Findings show some variation by Asian subgroup
By Lori Solomon HealthDay Reporter
TUESDAY, July 29, 2025 (HealthDay News) — Among adolescents with overweight or obesity, prediabetes is more than twice as common in Asian and Pacific Islander (Asian/PI) adolescents than in White youth, according to a study published online June 30 in Diabetes Care.
Adrian Matias Bacong, Ph.D., M.P.H., from the Stanford University Center for Asian Health Research and Education in California, and colleagues examined prediabetes in adolescent Asian/PI subgroups. The analysis included health record data from Kaiser Permanente Northern California for 20,540 non-Hispanic White and 16,508 Asian/PI adolescents aged 10 to 17 years.
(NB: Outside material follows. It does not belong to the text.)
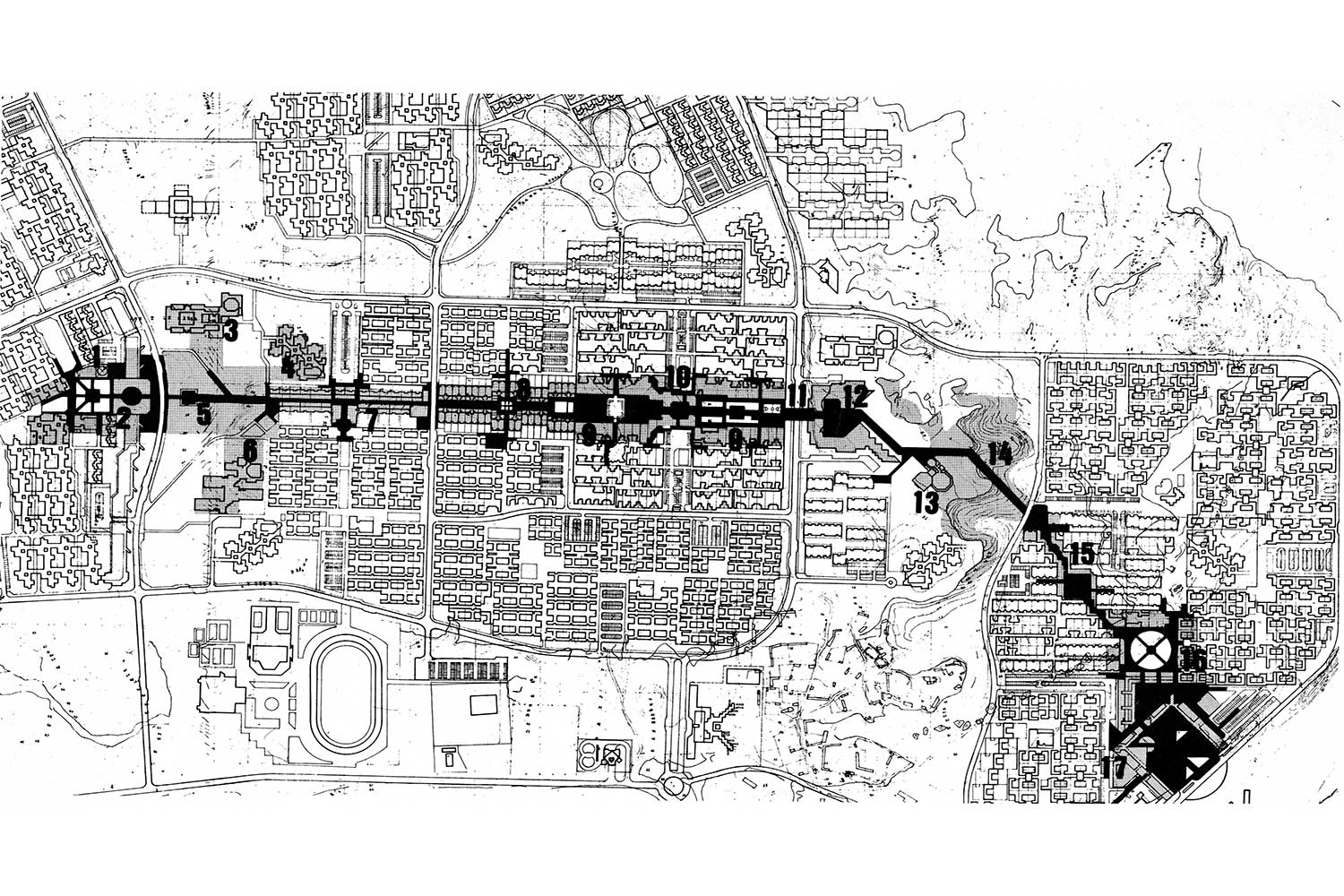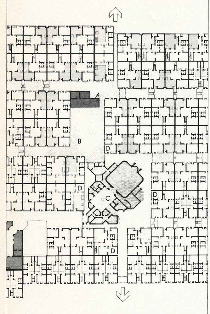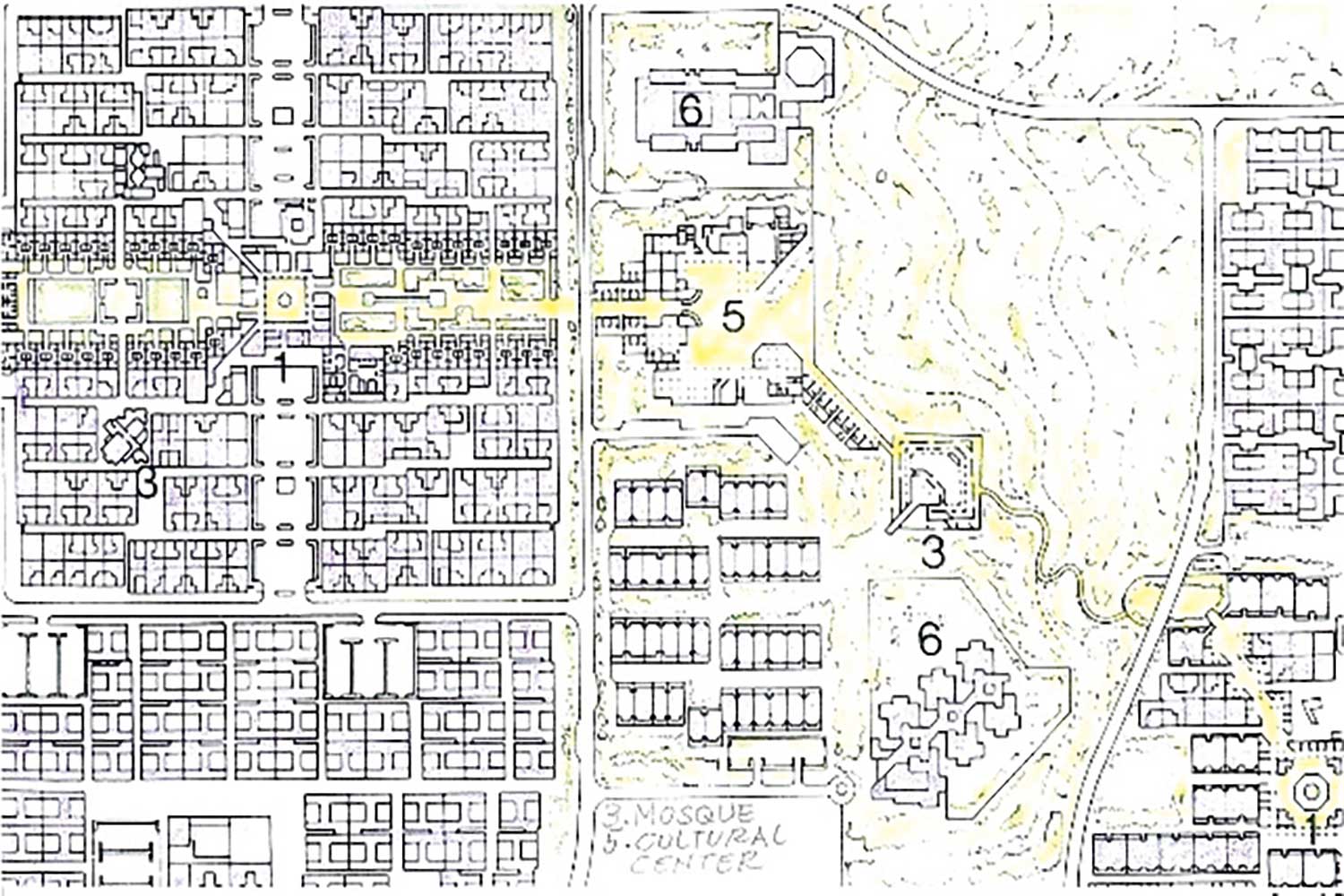 «بعد از فکر زیاد، طرحِ یک تاکتیک جنگی را برای تهیهی یک طرح جامع پنهان ریختم. سه پایگاه با فاصلهی دور از هم در نظر گرفتم تا بتوانم فاصلهی میان آنها را هم در وسعت یک طرح جامع برنامهریزی کنم. اولین پایگاه، طرح سالن سرپوشیدهی ورزشی بود که بعداً گسترش یافت. طرح دوم مربوط به سالن ناهارخوری دانشگاه بود که در آن نمازخانهای در نظر گرفتم و بعداً آن را جدا کردم و به عنوان مسجد دانشگاه در فضای باز مقابل ناهارخوری جای دادم. همهی ساختمانهای این مجموعه درواقع یک وسیلهی راهسازی برای عابر پیادهاند.

The researchers found that Asian/PI adolescents with overweight or obesity had a significantly higher prediabetes prevalence (26.9 percent) than non-Hispanic White adolescents (11.9 percent). There was variation among Asian subgroups (31.0 percent for South Asian, 32.0 percent for Native Hawaiian/PI, 28.2 percent for Filipino, 25.9 percent for Chinese, and 18.4 percent for Vietnamese adolescents). Compared with non-Hispanic White adolescents, the adjusted prevalence ratios for prediabetes were 2.80 for South Asian, 2.44 for Native Hawaiian/PI, 2.18 for Filipino, 2.18 for Chinese, and 1.68 for Vietnamese adolescents. Similar results were seen by sex, and patterns were similar within overweight or obesity subgroups.
“Prediabetes screening is essential for the high-risk population of Asian/PI adolescents with overweight or obesity,” the authors write.